Use dmesg -T (uppercase T). It converts the relative-since-boot timestamps to absolute dates using your system's current uptime and clock. Works on Linux from kernel 3.5 and later, which is essentially everything in production today.
What format does syslog use for timestamps?
Traditional rsyslog and syslog-ng use a Mar 21 07:46:40 format with no year. Modern RFC 5424 syslog uses ISO 8601 with full timezone info. journalctl exposes both, plus a Unix epoch format via -o short-unix.
How do I convert a Wireshark timestamp to a date?
Wireshark stores timestamps as epoch seconds with microsecond precision. In the View menu choose Time Display Format → Seconds Since 1970-01-01 to see the raw epoch value. Or paste any exported timestamp into a Unix timestamp converter — it handles fractional seconds correctly.
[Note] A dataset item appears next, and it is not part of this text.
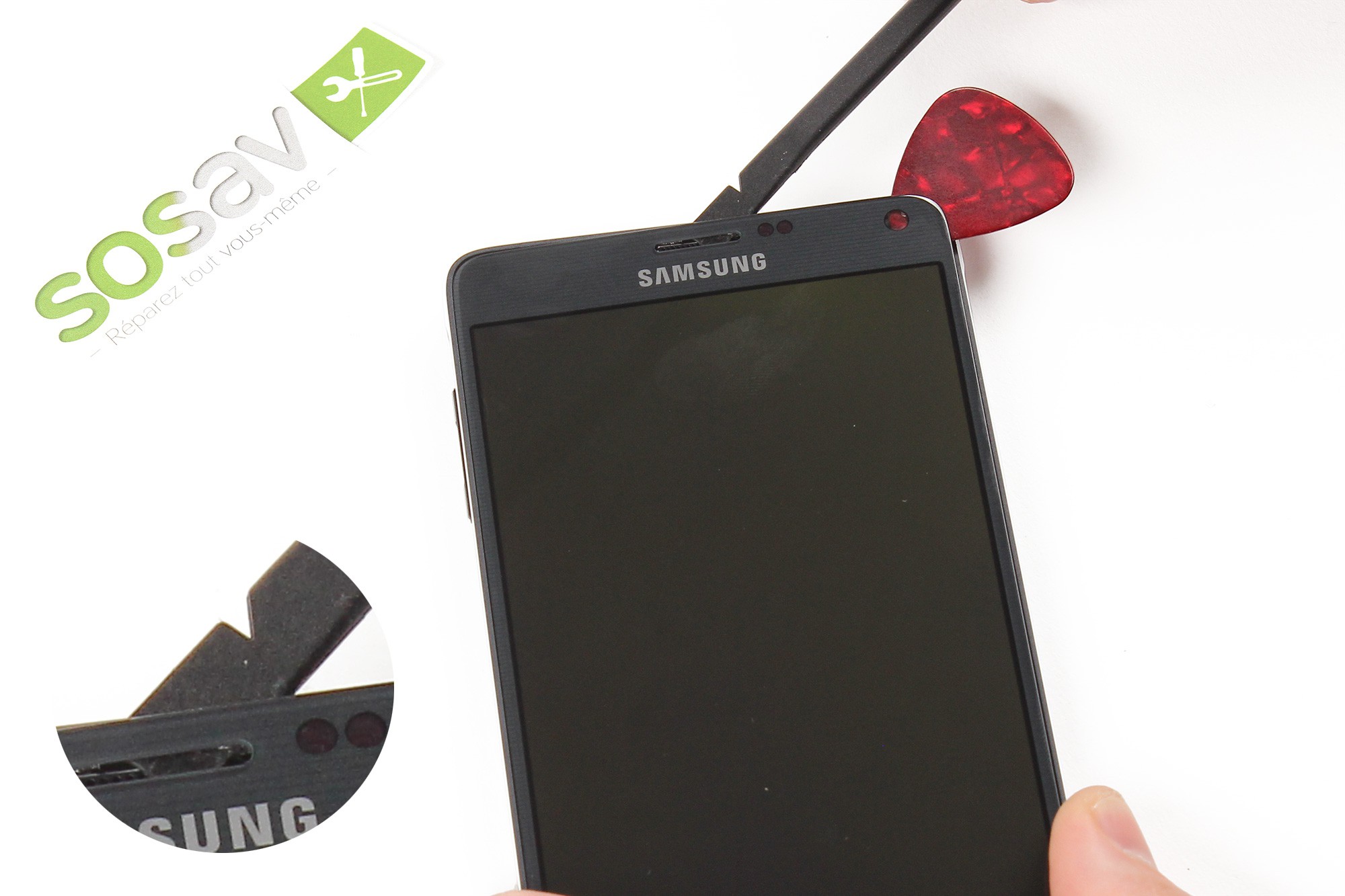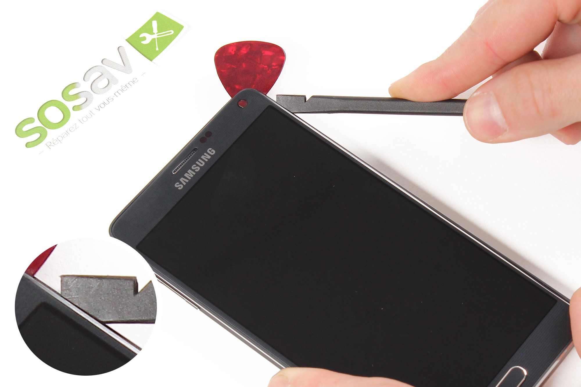 A l'aide d'une spatule en nylon, soulevez délicatement l'angle droit supérieur de la vitre.Insérez ensuite un médiator entre la vitre afin que cette dernière ne se recolle pas.

What is the timestamp format in Splunk _time?
Splunk _time is a Unix timestamp in seconds, stored with millisecond precision. The search UI shows formatted dates, but the underlying value is epoch. Use strftime(_time, "%s") in SPL to extract the integer value.
How do I see the Kafka message timestamp from kafka-console-consumer?
Add --property print.timestamp=true to your kafka-console-consumer command. Each message will be prefixed with CreateTime: followed by the millisecond Unix timestamp. Divide by 1000 for seconds.